1947 Penn created the South Asia Regional Studies Department. A news release announced a $1 million grant from the Ford Foundation and stated “The program at Pennsylvania was the first language and area program inthe United States dealing with South Asia or any part of south Asia, according to authorities at the University. Further, the program probably has attracted a greater number of students and has conferred more degrees for graduate study than any other program in America which is concerned solely with the South Asia area.”
1949 The University conferred an honorary LL.D. to Ralph Bunche at the annual Commencement ceremony. Bunche was the first African American to receive an honorary degree from Penn.
1949-51 Martin Luther King, Jr. audited classes in philosophy at the Graduate School of Arts and Sciences.
1950 In July the basic and advanced degree programs in nursing combined to form the modern School of Nursing and the degrees of Bachelor of Science in Nursing and Bachelor of Science in Nursing Education consolidated under the new School.
1960 Dean of Women Laura Bornholdt was invited by Kwame Nkrumah, Prime Minister of Ghana, as one of two American delegates to tour the nation over winter break and offer advice on the troubled educational system. Representatives toured from England, Sierra Leone and the Soviet Union; all were faced with resolving three pressing questions:

1. Should the two colleges of Ghana, the University of Legon and the Kumasi School of Technology sever ties with the University of London?
2. How can the increasing need for engineers be best supplied through the Ghanaian educational system?
3. How can Ghana’s terrific demand for teachers be met?

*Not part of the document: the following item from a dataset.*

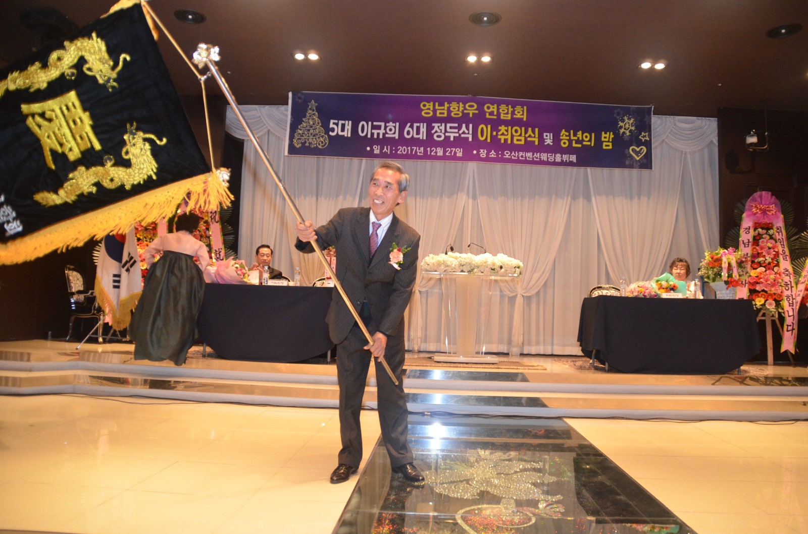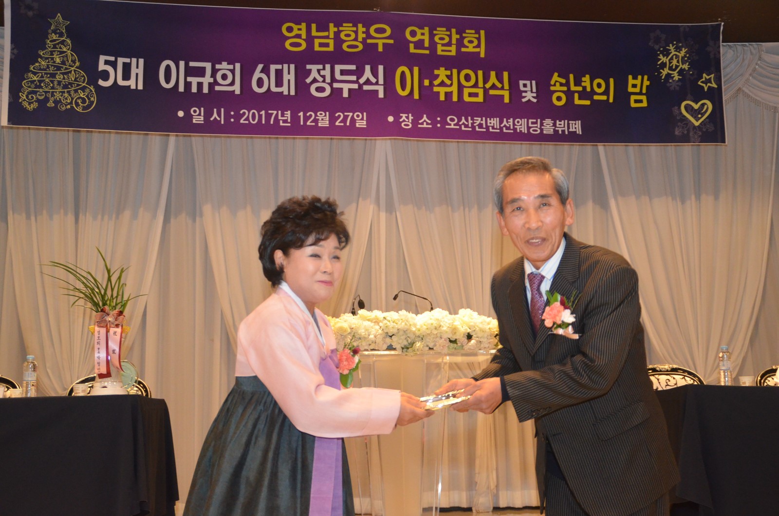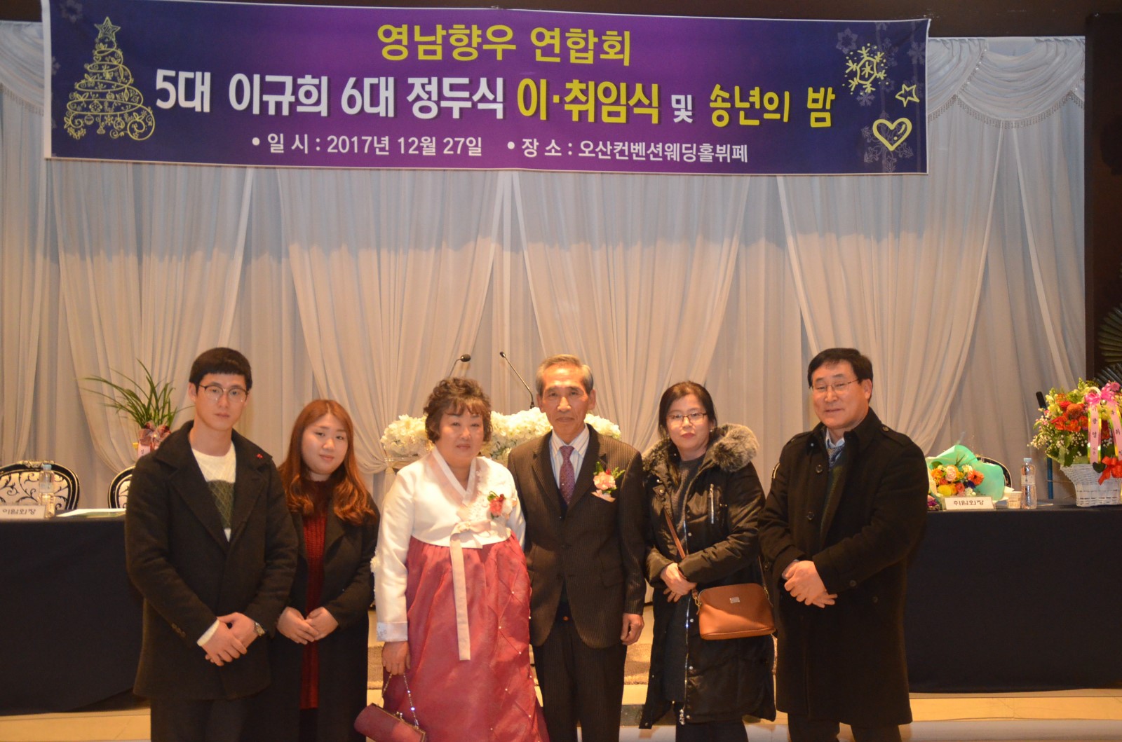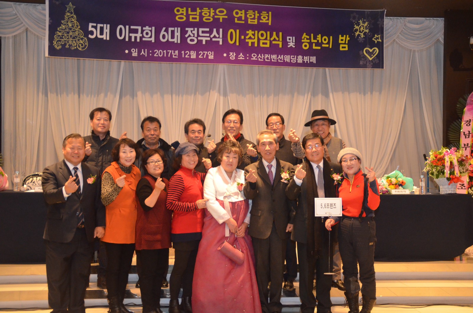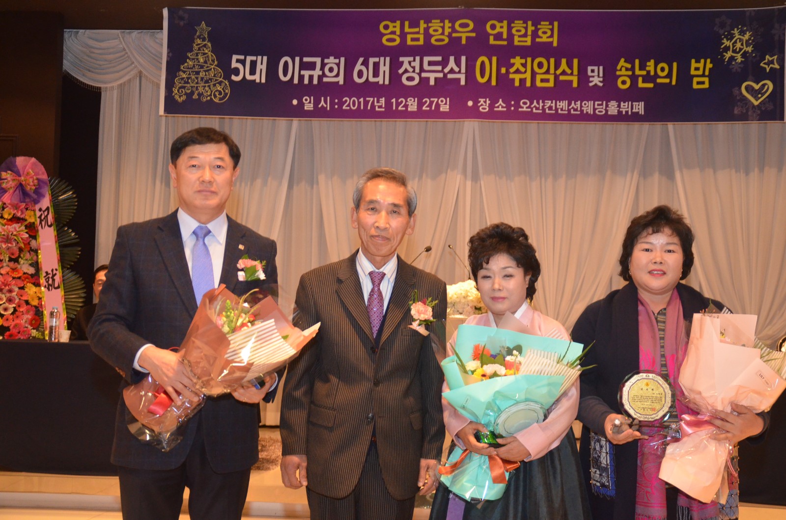 [미디어타임즈= 신훈종 기자] ‘在)오산 영남향우연합회’는 2018년 무술년 새해를 앞두고 지난 27일 오후 7시 오산켄벤션웨딩홀 4층에서 「제5대·6대회장 이˙취임식 및 향인과 함께하는 송년회」를 개최했다.

1961 Over the summer Penn held a six week orientation for 100 African students attending college on the east coast. The program was sponsored by the International Co-operation Administration, Department of State, African American Institute, African Scholarship Program of 141 colleges and universities, the United Negro College Fund and other private individuals.
1962 Connaissance and the Latin American Graduate Student Association held “Connaissance 1962: Spotlighting Latin America,” a six-week series of lectures, films and debates.
1963 For the first time, tenure was granted to an African American faculty member, Dr. William Thomas Valeria Fontaine Appointed as an Assistant Professor in Philosophy in 1949, Dr. Fontaine was the first fully-affiliated African American faculty member before receiving tenure from the University.

President Gaylord P. Harnwell called on students to end religious discrimination when selecting fraternity members.

The Middle Atlantic Province National Newman Club Federation Convention was held in Philadelphia.